The economics of the internet explain part of it. When entertainment culture fragments into infinite niches, there are fewer shared cultural touchpoints. The mass-market "cool" that depended on everyone watching the same TV and listening to the same radio dies when everyone's algorithm is different. What replaces it is something smaller and more intense: the fandom, the subculture, the community that speaks in references only its members understand.
And the research bears this out. Studies find that people feel deeply seen inside niche communities in ways that mass culture never delivered. The thrill isn't the content—it's the recognition of being known by strangers who share your specific, unlikely love. Once niche, now belonging. Once embarrassing, now identity.
The real revolution: caring as radical act
Step back from the memes and the fandoms and the irony, and a single through-line emerges: the culture has shifted its valuation of caring. For a decade, the coolest thing you could be was unbothered. Now, the most resonant thing you can be is genuinely, vulnerably, unashamedly enthusiastic.
Content creators who spent years crafting ironic detachment are watching audiences flock toward creators who simply mean it. The Swifties go full-costume to concerts without apology. Anime fans wear their passion as a badge. Gen Z founds nonprofits, makes earnest videos about things they love, builds communities around ideas they actually believe in—and none of it is performed for cool points, because cool points no longer exist as currency.
One media professional put it plainly: "It was not cool to have beliefs or feel strongly about anything. It was a general environment of hopelessness that people adopted as a way of insulating themselves from failure. To see people who really do enjoy things and make themselves vulnerable is a really radical thing."
Even brands have read the room. Ryanair turned its reputation for cramped seats into a TikTok meme factory, joking about its own limitations rather than hiding them. Duolingo's absurdist owl became a cultural phenomenon by committing fully to chaotic, self-deprecating humor. The brands that survive Gen Z's cringe radar are the ones that abandoned the performance of perfection—because Gen Z can smell polish from a mile away, and it smells like dishonesty.
So what killed cool?
Cool died because it was always a performance—and performances require an audience willing to be impressed. When the audience started comparing notes online and realized everyone was performing, the theater collapsed. What filled the void wasn't its opposite—reckless sincerity—but something more nuanced: the freedom to care about things with full awareness of how caring looks.

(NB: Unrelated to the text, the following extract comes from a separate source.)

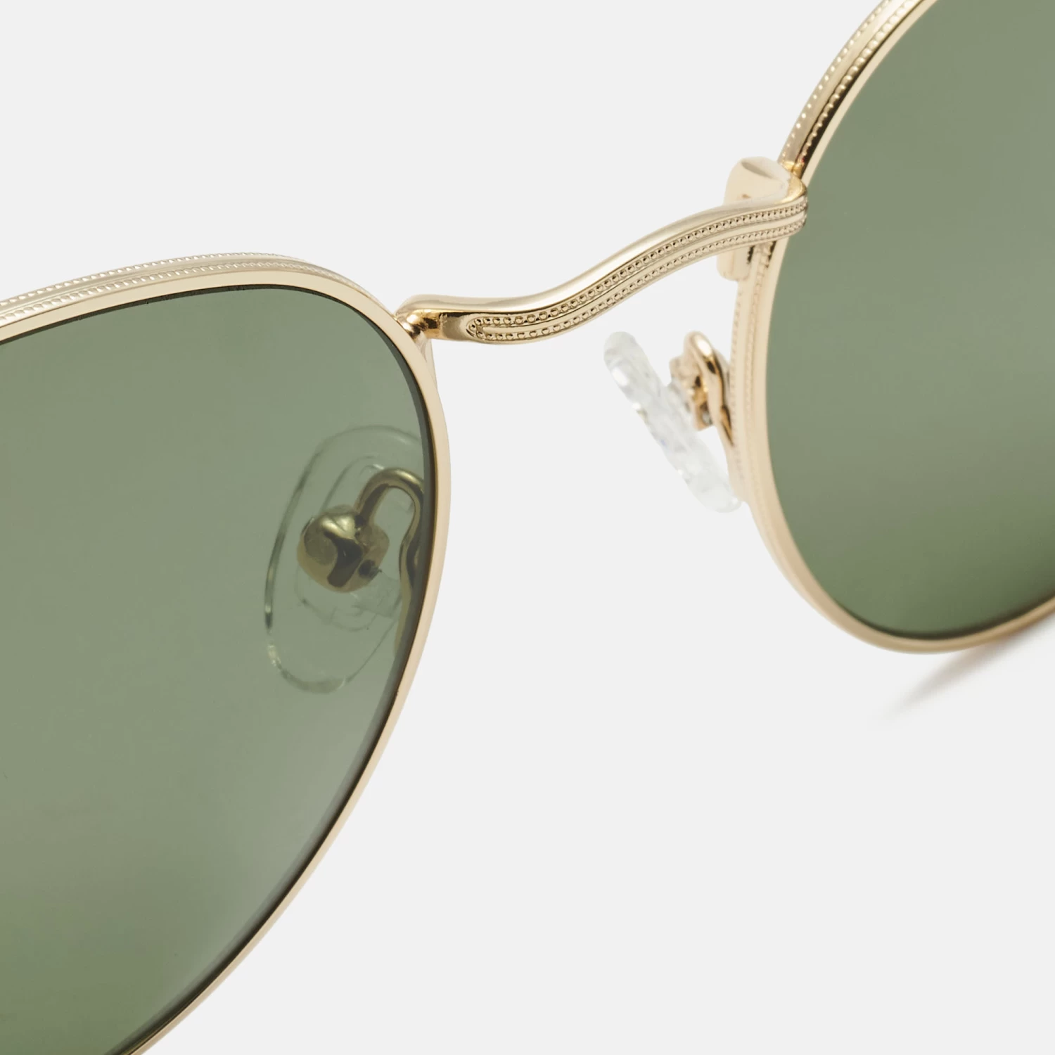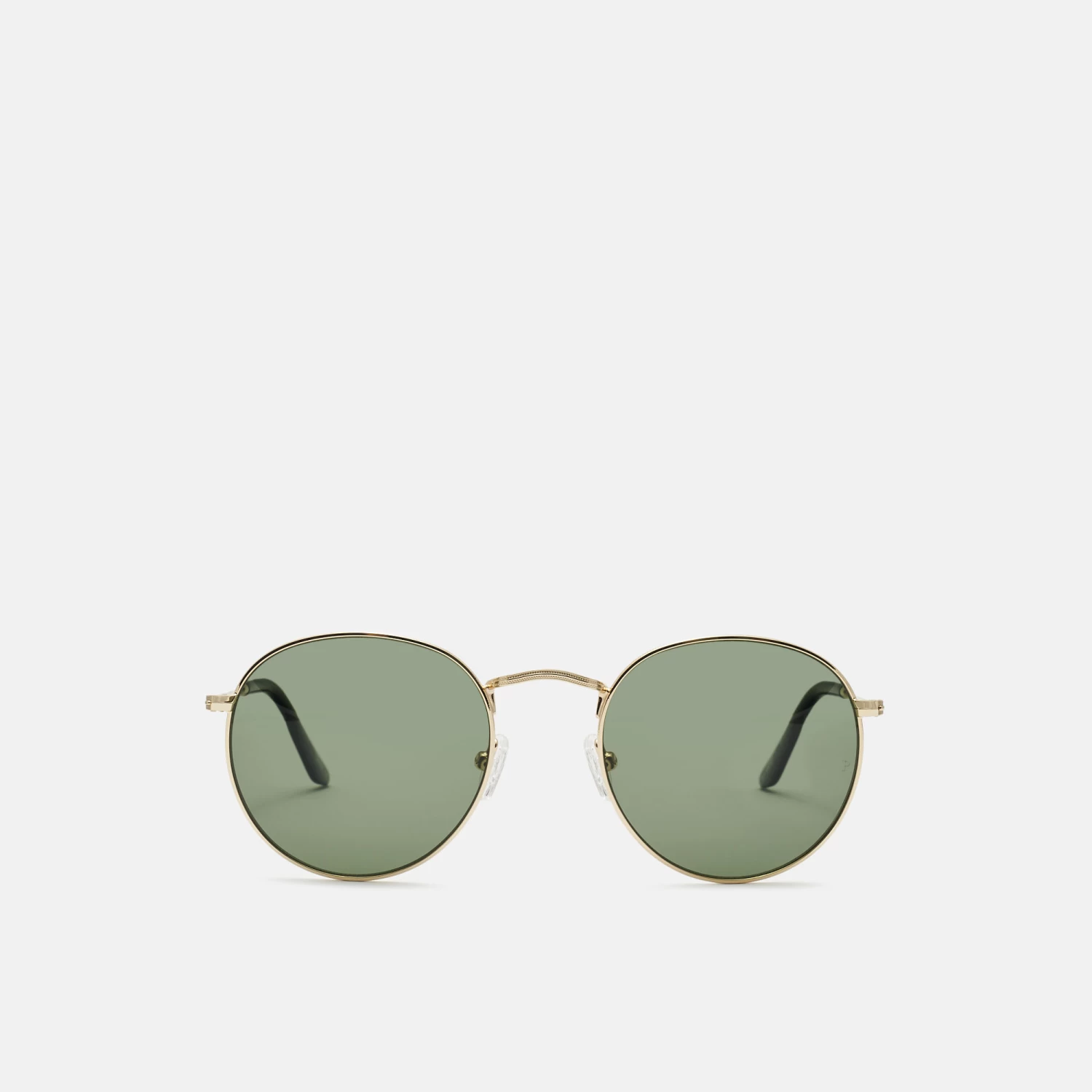 Gafas de sol unisex, con forma redonda, de metal dorado. Sus lentes verdes son polarizadas de alta calidad, para una mejor protección y confort.

That's what cringe culture, at its best, actually is. Not the absence of self-awareness, but self-awareness cranked so high it loops back around into something genuine. It's the person who posts their extremely niche hobby knowing it's embarrassing and posting it anyway. It's the meme that is technically making fun of something and also completely means it. It's the fandom that knows their enthusiasm is excessive and has turned that excess into the whole point.
Cool told us to want less, reveal less, feel less. Cringe says: want everything, loudly, in public, and dare someone to make you feel bad about it.
In that sense, cringe isn't the death of dignity. It's the birth of a better kind of cool—one that doesn't need you to pretend.